**EXERCISE DESCRIPTION**
This task calls for the lines below starting at the one containing "财政部2月20日公布《中华人" and ending at the one containing "Born To Dilly", repeated exactly with both ends kept and pictures left out.

##### SUPPLIED RECORDS #####

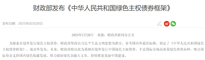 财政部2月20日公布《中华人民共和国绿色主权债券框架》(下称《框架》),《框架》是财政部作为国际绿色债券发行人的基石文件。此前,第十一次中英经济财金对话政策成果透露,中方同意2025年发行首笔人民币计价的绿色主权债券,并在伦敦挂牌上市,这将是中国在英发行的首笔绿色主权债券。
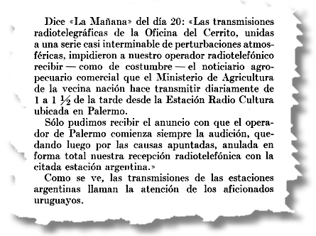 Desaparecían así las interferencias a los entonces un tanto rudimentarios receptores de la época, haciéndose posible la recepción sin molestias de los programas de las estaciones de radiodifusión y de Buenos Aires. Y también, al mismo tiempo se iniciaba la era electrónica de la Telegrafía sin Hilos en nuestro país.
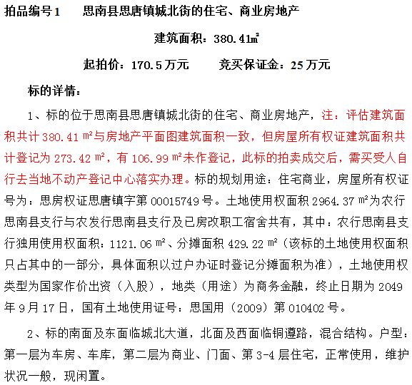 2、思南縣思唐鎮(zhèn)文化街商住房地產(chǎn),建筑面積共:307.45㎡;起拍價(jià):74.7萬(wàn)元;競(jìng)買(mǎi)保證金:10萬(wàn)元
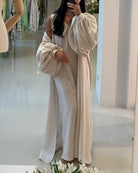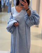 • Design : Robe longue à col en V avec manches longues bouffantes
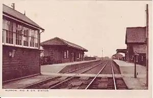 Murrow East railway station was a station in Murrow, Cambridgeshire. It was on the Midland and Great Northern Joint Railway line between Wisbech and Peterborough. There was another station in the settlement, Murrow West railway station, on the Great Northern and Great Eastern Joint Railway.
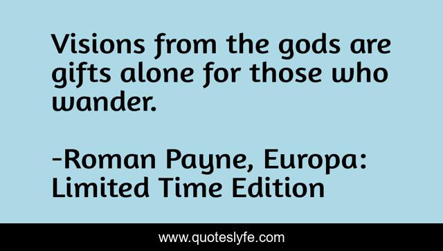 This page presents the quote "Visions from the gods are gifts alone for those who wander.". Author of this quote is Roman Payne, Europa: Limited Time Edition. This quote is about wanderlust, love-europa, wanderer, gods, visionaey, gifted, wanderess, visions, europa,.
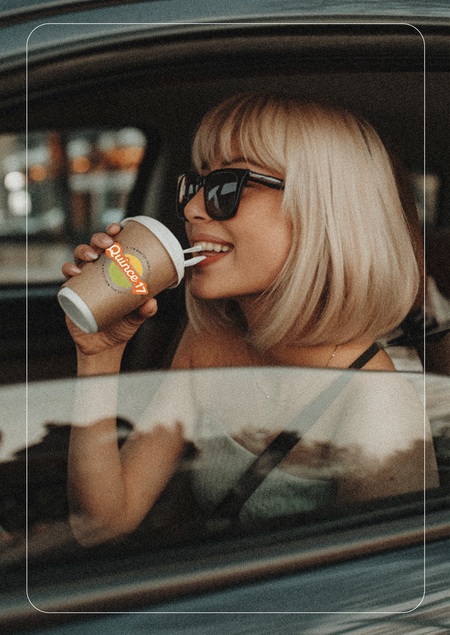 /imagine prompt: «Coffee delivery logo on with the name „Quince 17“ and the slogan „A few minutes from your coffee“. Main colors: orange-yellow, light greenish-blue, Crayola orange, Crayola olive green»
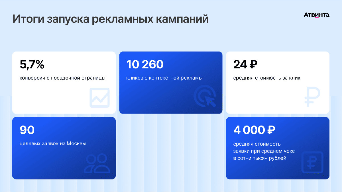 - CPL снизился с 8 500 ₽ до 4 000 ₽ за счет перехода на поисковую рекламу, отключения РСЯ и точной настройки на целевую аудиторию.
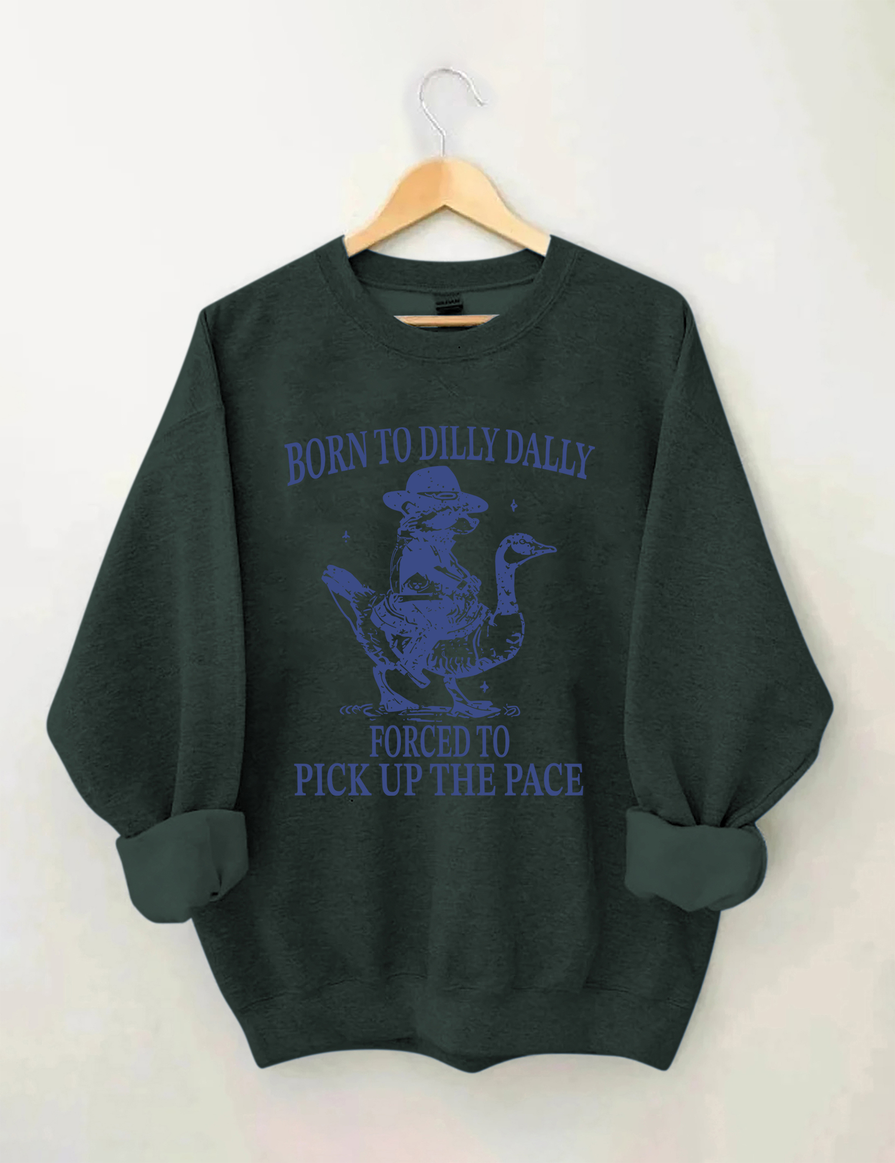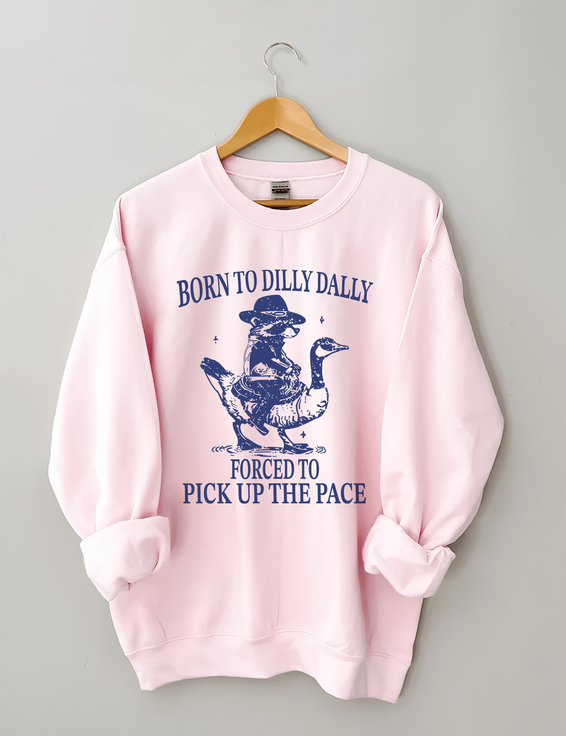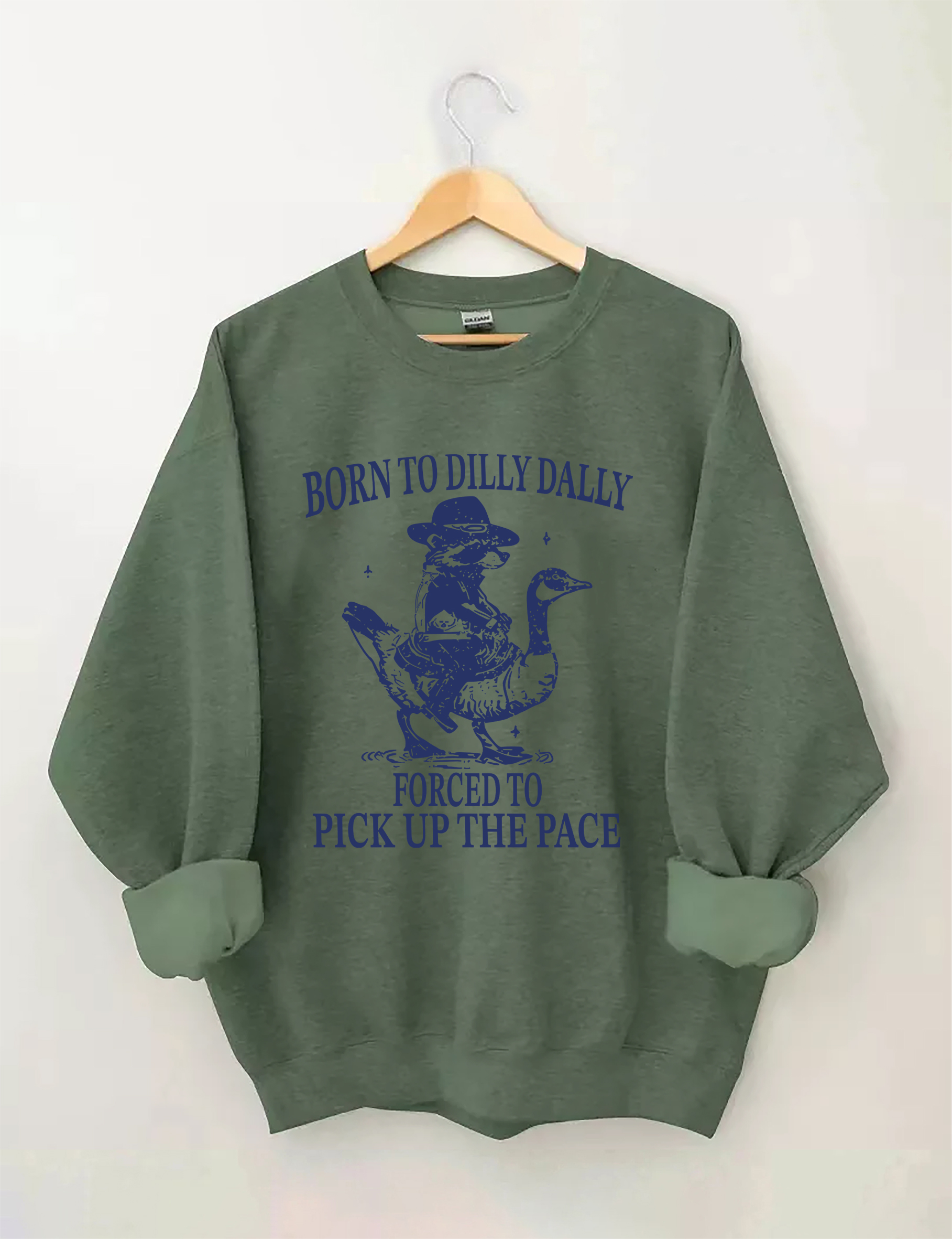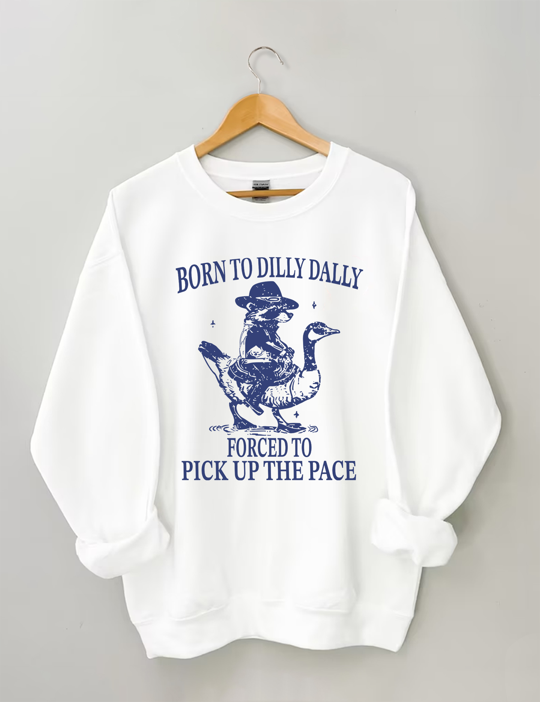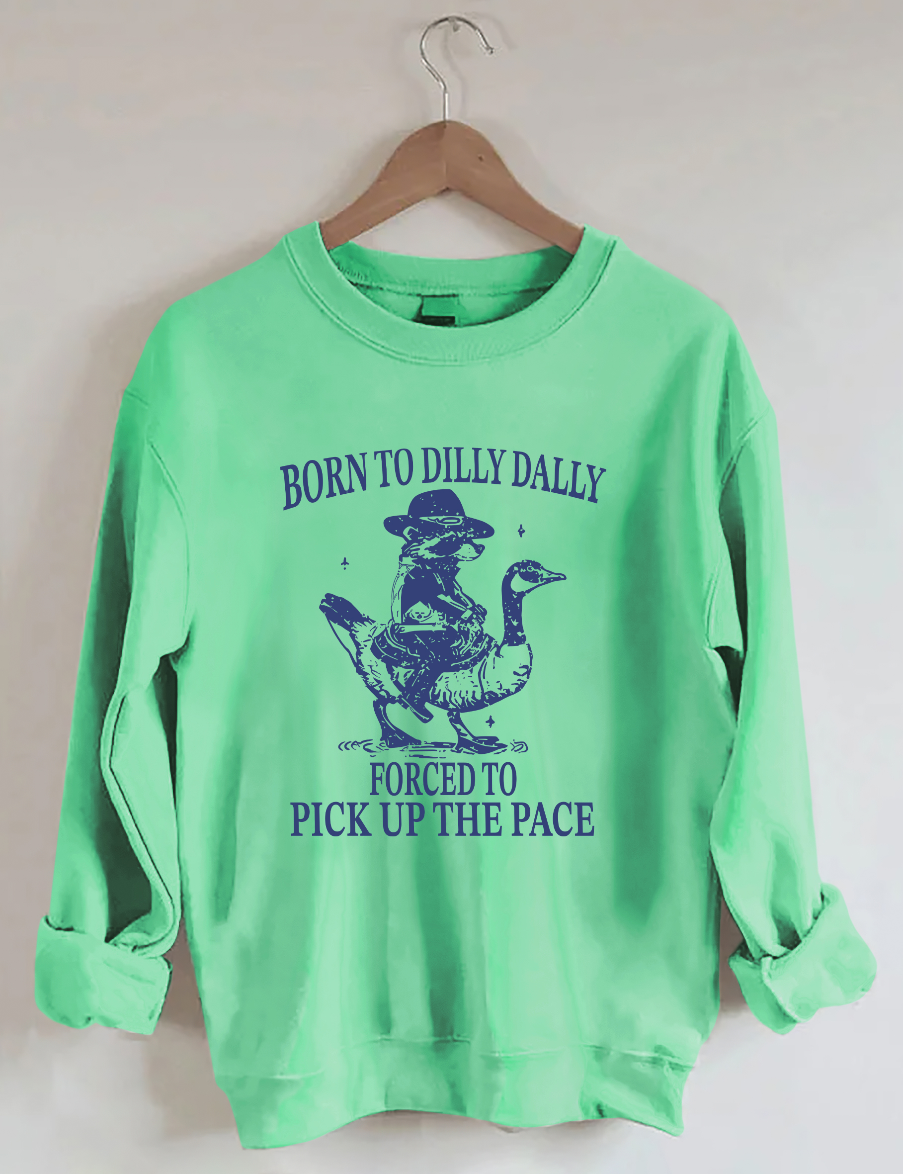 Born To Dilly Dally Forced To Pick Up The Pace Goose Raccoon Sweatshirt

#####
##### SUPPLIED RECORDS #####

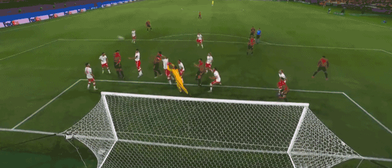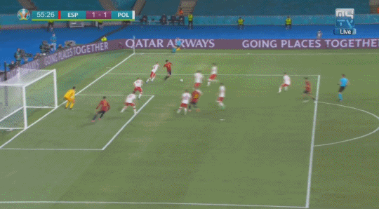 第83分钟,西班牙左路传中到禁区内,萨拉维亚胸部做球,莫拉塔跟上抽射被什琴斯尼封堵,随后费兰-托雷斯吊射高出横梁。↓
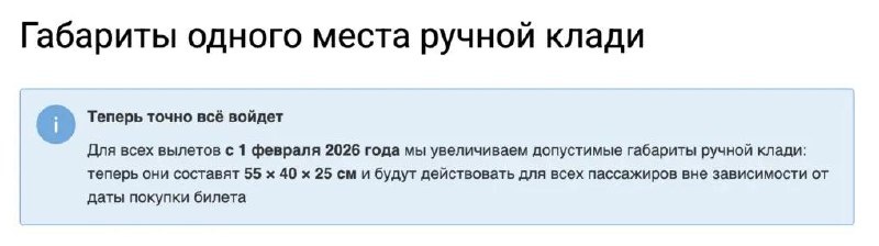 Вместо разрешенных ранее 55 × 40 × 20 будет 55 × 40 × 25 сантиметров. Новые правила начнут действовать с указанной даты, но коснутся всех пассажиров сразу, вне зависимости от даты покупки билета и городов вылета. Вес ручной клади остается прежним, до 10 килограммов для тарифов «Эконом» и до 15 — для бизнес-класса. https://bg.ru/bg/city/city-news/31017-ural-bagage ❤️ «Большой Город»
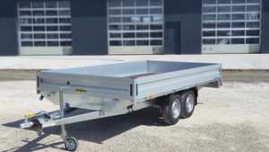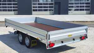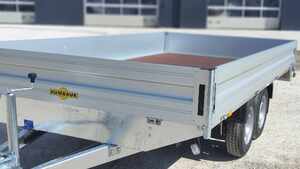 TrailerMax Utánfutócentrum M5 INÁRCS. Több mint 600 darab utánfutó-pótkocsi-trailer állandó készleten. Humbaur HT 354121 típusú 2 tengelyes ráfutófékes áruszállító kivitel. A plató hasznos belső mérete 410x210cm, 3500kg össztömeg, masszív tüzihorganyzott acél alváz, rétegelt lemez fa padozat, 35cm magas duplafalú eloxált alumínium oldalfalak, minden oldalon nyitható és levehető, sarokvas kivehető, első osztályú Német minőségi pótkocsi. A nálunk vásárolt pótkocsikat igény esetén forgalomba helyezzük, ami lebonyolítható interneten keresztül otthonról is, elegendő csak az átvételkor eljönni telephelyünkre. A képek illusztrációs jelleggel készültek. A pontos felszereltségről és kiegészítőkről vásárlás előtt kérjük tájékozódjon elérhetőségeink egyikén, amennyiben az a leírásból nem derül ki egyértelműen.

#####
##### SUPPLIED RECORDS #####

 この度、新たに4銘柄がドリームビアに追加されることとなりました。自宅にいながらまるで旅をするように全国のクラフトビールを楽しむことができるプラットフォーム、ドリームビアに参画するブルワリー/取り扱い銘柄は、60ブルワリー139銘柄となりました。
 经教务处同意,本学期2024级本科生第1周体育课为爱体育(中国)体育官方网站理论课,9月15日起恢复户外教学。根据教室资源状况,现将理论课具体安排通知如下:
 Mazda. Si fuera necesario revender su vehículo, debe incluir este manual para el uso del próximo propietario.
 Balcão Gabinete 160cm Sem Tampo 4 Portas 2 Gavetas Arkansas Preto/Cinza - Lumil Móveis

#####

**TASK ANSWER**
 财政部2月20日公布《中华人民共和国绿色主权债券框架》(下称《框架》),《框架》是财政部作为国际绿色债券发行人的基石文件。此前,第十一次中英经济财金对话政策成果透露,中方同意2025年发行首笔人民币计价的绿色主权债券,并在伦敦挂牌上市,这将是中国在英发行的首笔绿色主权债券。
 Desaparecían así las interferencias a los entonces un tanto rudimentarios receptores de la época, haciéndose posible la recepción sin molestias de los programas de las estaciones de radiodifusión y de Buenos Aires. Y también, al mismo tiempo se iniciaba la era electrónica de la Telegrafía sin Hilos en nuestro país.
 2、思南縣思唐鎮(zhèn)文化街商住房地產(chǎn),建筑面積共:307.45㎡;起拍價(jià):74.7萬(wàn)元;競(jìng)買(mǎi)保證金:10萬(wàn)元
 • Design : Robe longue à col en V avec manches longues bouffantes
 Murrow East railway station was a station in Murrow, Cambridgeshire. It was on the Midland and Great Northern Joint Railway line between Wisbech and Peterborough. There was another station in the settlement, Murrow West railway station, on the Great Northern and Great Eastern Joint Railway.
 This page presents the quote "Visions from the gods are gifts alone for those who wander.". Author of this quote is Roman Payne, Europa: Limited Time Edition. This quote is about wanderlust, love-europa, wanderer, gods, visionaey, gifted, wanderess, visions, europa,.
 /imagine prompt: «Coffee delivery logo on with the name „Quince 17“ and the slogan „A few minutes from your coffee“. Main colors: orange-yellow, light greenish-blue, Crayola orange, Crayola olive green»
 - CPL снизился с 8 500 ₽ до 4 000 ₽ за счет перехода на поисковую рекламу, отключения РСЯ и точной настройки на целевую аудиторию.
 Born To Dilly Dally Forced To Pick Up The Pace Goose Raccoon Sweatshirt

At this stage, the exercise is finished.